Statement
A translation moves every point of a shape the same distance in a given direction. The coordinate rule for translation is:
\[(x,y) \mapsto (x+a,\; y+b)\]
Here, \(a\) is the horizontal movement (positive right, negative left), and \(b\) is the vertical movement (positive up, negative down).
Why it’s true
- A translation is a rigid transformation — it does not change size, shape, or orientation, only position.
- Adding \(a\) to the x-coordinate shifts the point sideways.
- Adding \(b\) to the y-coordinate shifts the point vertically.
Recipe (how to use it)
- Identify the translation vector \((a,b)\).
- Take the original point \((x,y)\).
- Compute the new point: \((x+a,\;y+b)\).
- Apply to all points of a shape to get its new position.
Spotting it
Exam questions often state “translate by vector (a,b)” or “move 3 units right and 2 units up”. These directly mean apply \((x,y)\mapsto(x+a,y+b)\).
Common pairings
- Reflections and rotations in combined transformations.
- Vectors and coordinate geometry questions.
Mini examples
- Given: Translate (2,3) by (4,1).
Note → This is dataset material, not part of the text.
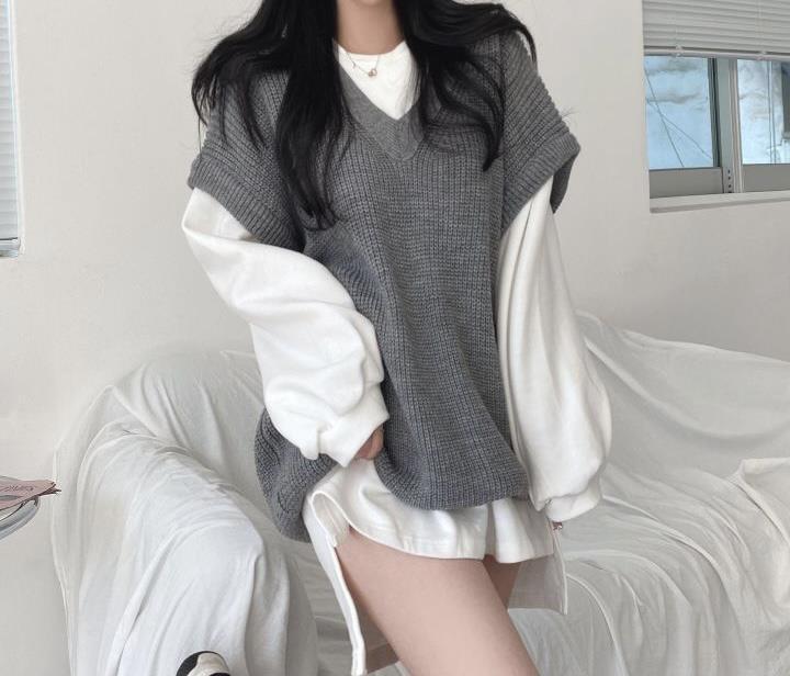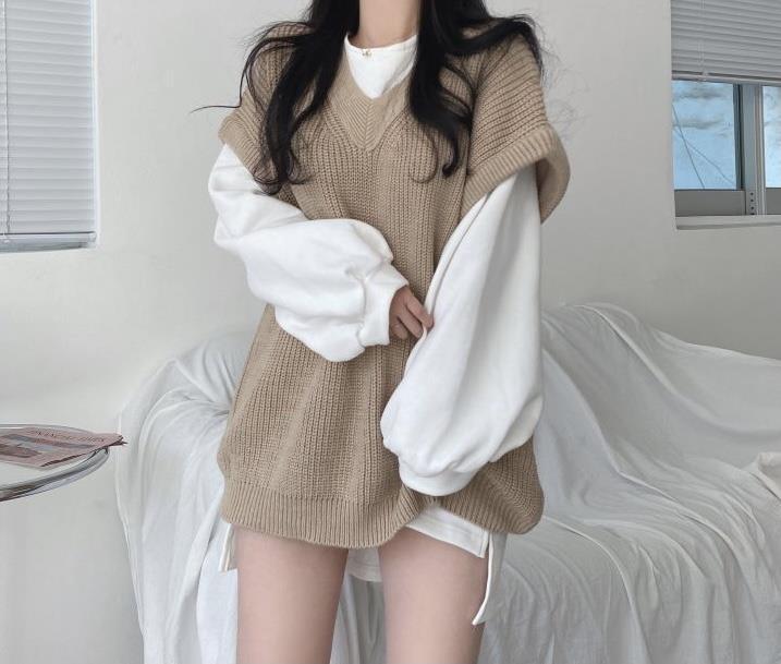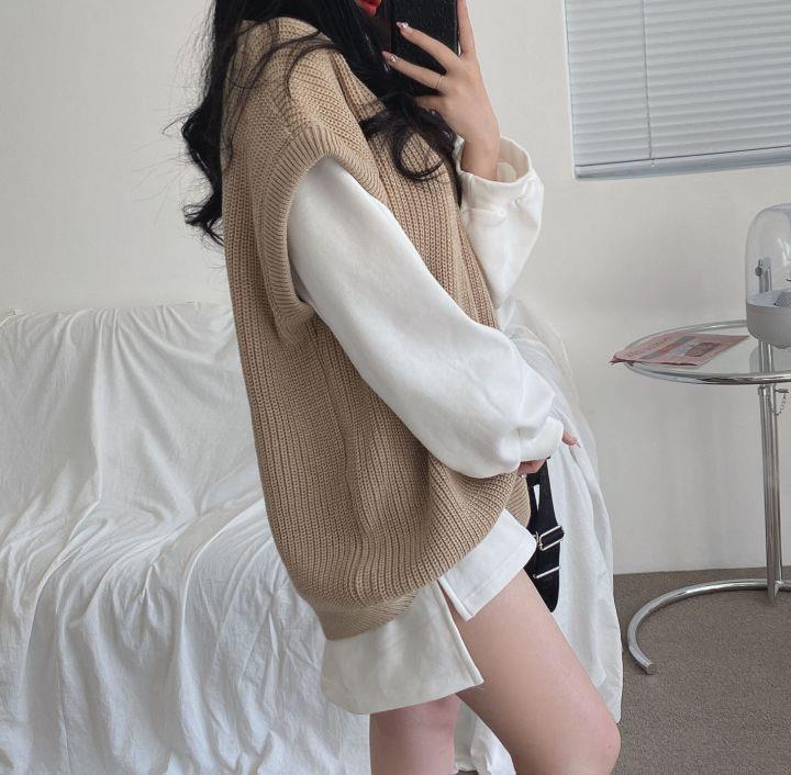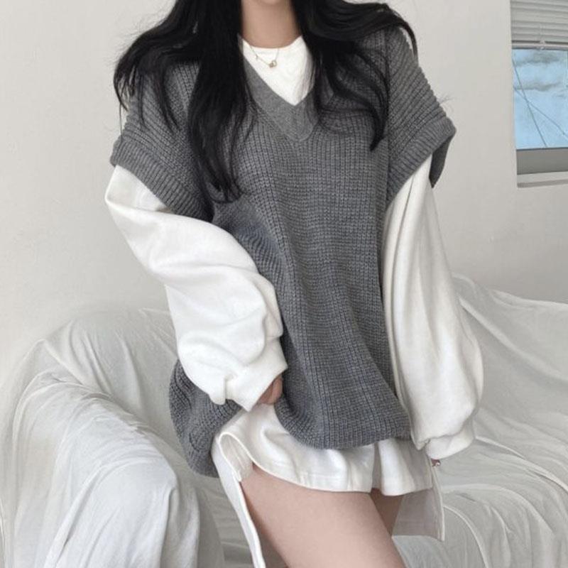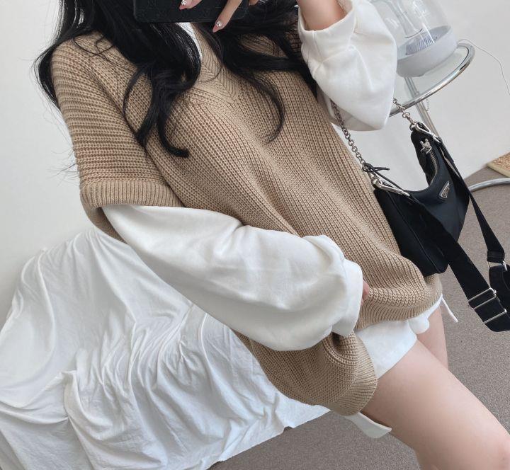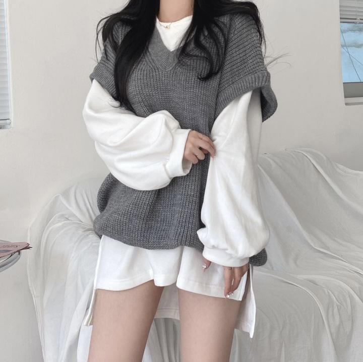 원피스/세트 2024 봄과 가을 한국 스타일 프랑스 분할 긴 소매 탑 캐주얼 니트 스웨터 조끼 여성 패션스토어 가기

Answer: (6,4).
- Given: Translate (-5,7) by (-3,-2). Answer: (-8,5).
Pitfalls
- Forgetting signs: a negative \(a\) means left, a negative \(b\) means down.
- Mixing translation with reflection (translations never flip shapes).
Exam strategy
- Always write the vector clearly.
- Apply translation to each coordinate systematically.
- Check by sketching: movement direction must match the vector.
Summary
Translations move shapes without changing them. The rule \((x,y)\mapsto(x+a,y+b)\) is fundamental in coordinate geometry, describing horizontal and vertical shifts in one step.